Her müsabakadan sonra konuşulan tek konu hakem ve hakem hatalarıdır. Maalesef Merkez Hakem Kurulu arkası güçlü olan, dayısı olanları en üst seviyelere getiriyor.
Şayet Merkez Hakem Kurulu adaletli, adil davransaydı. Yönünü Anadolu’ya yani Sinop, Muğla, Hakkâri, Bitlis ismini sayamadığım nice Anadolu gençlerine, yetenekli, işini seven nice genç hakemlere de fırsatlar ve görevler verseydi. Olmasına rağmen Merkez Hakem Kurulu hakem seçimlerini birkaç büyük şehir dışında yapmamakta.
Oysa Edirne’den Hakkâri’ye Kars’tan Muğla’ya kadar nice genç ve yetenekli hakemler vardır. Türkiye Futbol Federasyonu futbolcu secimi ve Merkez Hakem Kurulu hiçbir zaman bu illere uğramadı. Yönünü buralara çevirmedi. Adeta bu illeri unuttu, Belki de bu illerin haritadan yerlerini bile bilmiyor olabilirler.
Hakemliğin genel anlamı adil tarafsız yani işe hakkaniyetle bakmak adaletli olmak ve öyle davranmaktır.
Merkez Hakem Kurulunda görev alanlar maalesef hakem isminin anlamını ne olduğunu hala bilmiş değiller.
Eğer Hakemliğin anlamını ve adaleti anlayabilseydiler, Ülkemizde her maçtan sonra hakemlerle ilgili pozitif konuşmazdılar.
Hakkâri Amatör Ligi Türkiye’de bir ilk imza attı. Türkiye’deki en güzel amatör ligi ilimizde yaşandı.
Hatta Hakkâri Amatör Ligi son yılların en güzel sezonunu yaşıyor.
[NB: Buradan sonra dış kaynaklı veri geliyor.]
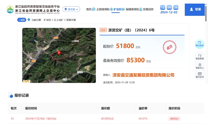 今日(12月2日),浙江省淳安縣文昌鎮西河村建筑用砂巖礦經35輪報價,被當地國企淳安縣交通發展投資集團有限公司以8.53億元競得,溢價率64.67%。該礦權出讓資源量5142.8萬噸,出讓期限16年,年生產規模350萬噸,經計算,該項目噸成本超16元。
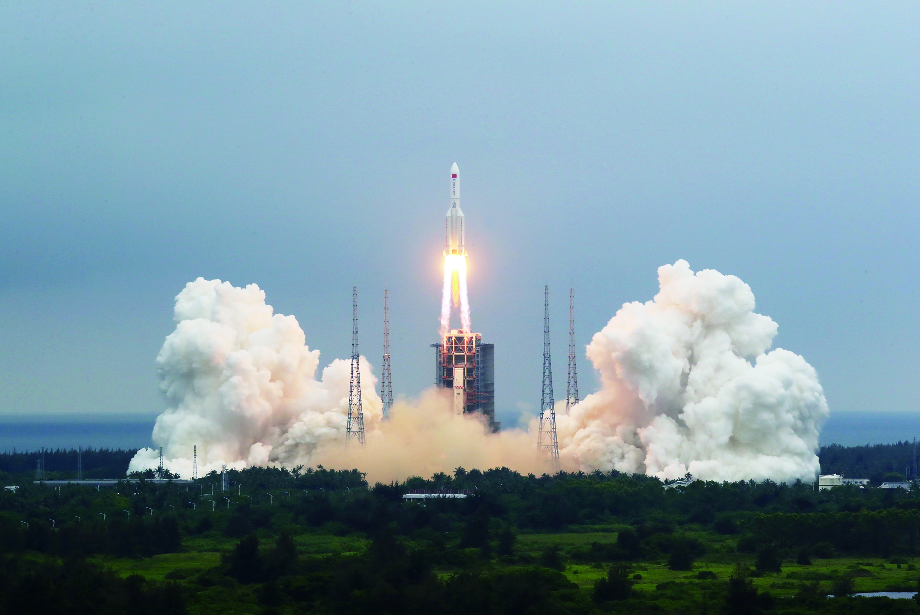 ▲4月29日11时23分,中国空间站天和核心舱在我国文昌航天发射场发射升空,准确进入预定轨道,任务取得成功。 新华社记者 琚振华 摄
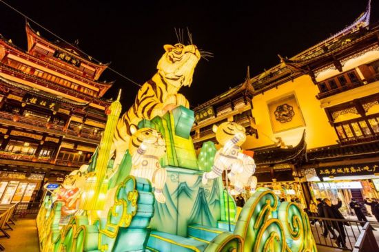 上海豫園年味濃!9米高生肖虎燈組矗立,非遺體驗天天有
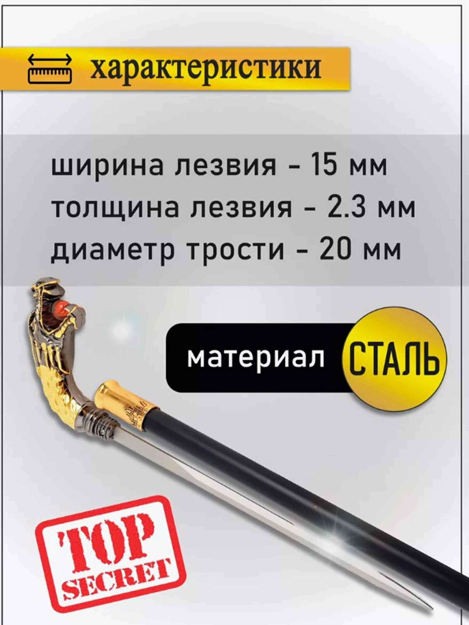 | Дополнительная информация | Внутри трости находится стальной стилет длиной 288 мм. |
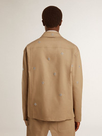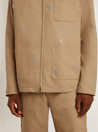 Men's beige jacket with floral embroidery and full zip
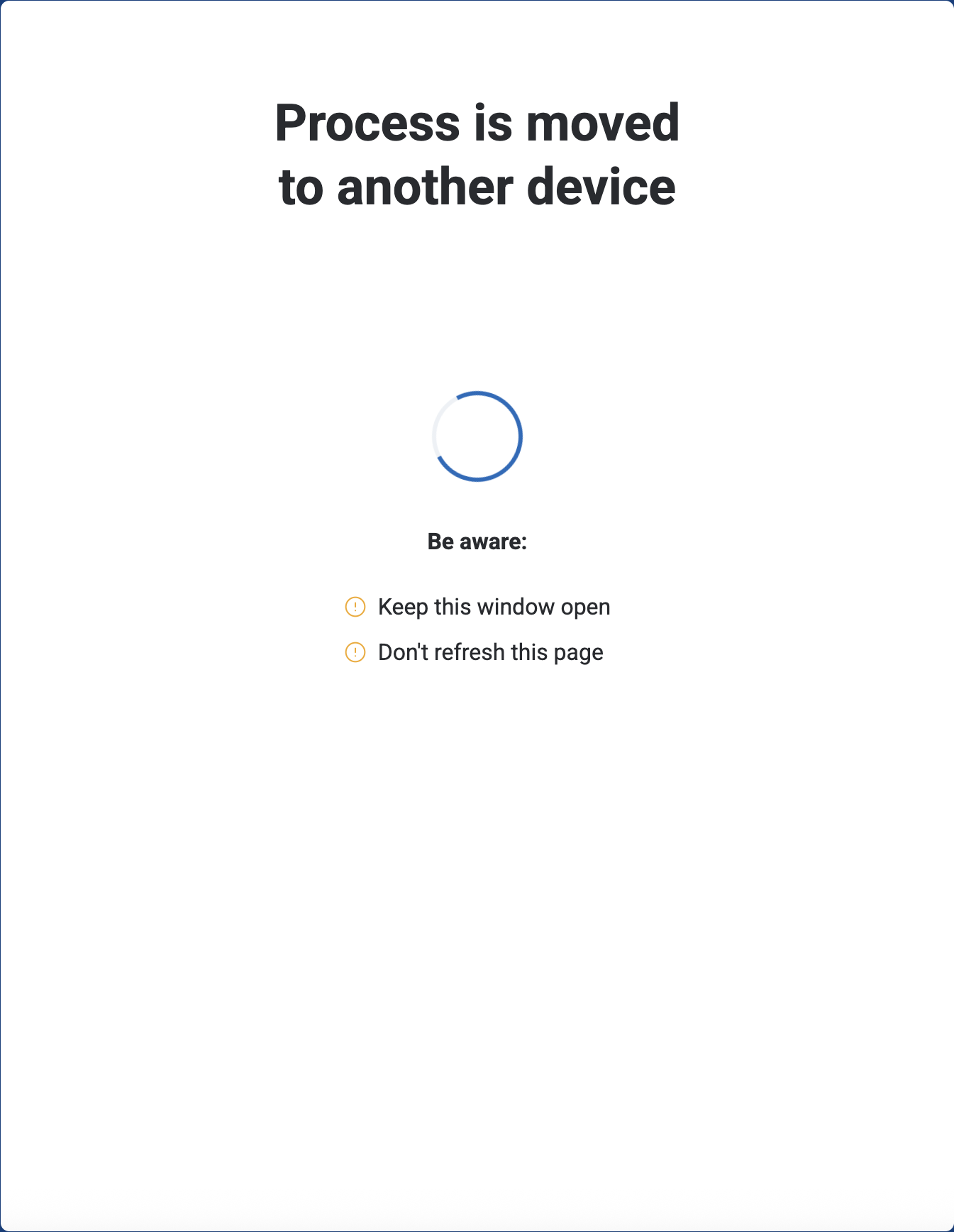 Once opened, the message “Process is moved to another device” will appear on your computer screen.

Ligimiz bu hafta sonu oynan müsabakalarla grup maçları bitti. Yakında dörtlü final maçları başlayacak. Tüm maçlarımız güzel bir havada geçti, Centilmenlik içinde geçti. Hakkâri sporseverlerin büyük ilgi gösterdiği ligimiz Türkiye’ye örnek olacak bir sezonunu Hakkârili sporseverlere yaşattı.
İnanın ki hakemlerimiz o kadar güzel maçlar yönettik ki, Süper Lig ve diğer liglere örnek olacak, müsabakalar yönettiler.
Son olarak şunu da belirteyim geçen hafta Hakkâri’de hakem aday kursu başvuruları oldu. İnanın katılım o kadar fazlaydı ki, Türkiye’de ilk kez nüfus oranına göre bu kadar başvuru ve katılım oldu.
Şahsım ve Futbol camiası olarak Hakkâri Futbol İl Hakem Kurulu Başkanı EROL HANLIGİL ve ekibine, Hakem ve Gözlemciler Derneği Başkanı Seyfullah KAYA ve tüm hakemlerimize sonsuz teşekkürü tüm futbol camiası adına bir borç bilirim. Hepsinin eline, düdüğüne, emeğine ve yüreğine sağlık.
Allah hepsinden razı olsun iyi ki varsınız.
Bu vesileyle buradan Türkiye Futbol Federasyonu ve Merkez Hakem Kuruluna bir çağrımdır.
Sizleri birkaç günlüğüne de olsa Hakkâri’ye davet ediyorum.
Gelin serhat şehrimiz Hakkâri’yi bir seferde olsun görün. Burada güzel, huzurlu bir şehir var. Spor ve futbolu seven şirin şehrimiz Hakkâri’ye sizleri ve yönetim kurulunuzu davet ediyorum.
Gelip Hakkâri’deki müsabakalarda görev yapan pırlanta gibi hakemlerimizin birkaç maçını seyretmelerini tavsiye ediyorum.
Hava alanımız var. Sizleri misafir edecek kadar yerimiz var. Dünyada nam salmış misafirperverliğiyle meşhur serhat şehrimiz Hakkâri’de sizleri misafir etmek ve ağırlamak istiyoruz.
Hadi biz misafirperverliğe hazırız. Sizler de hazır mısınız?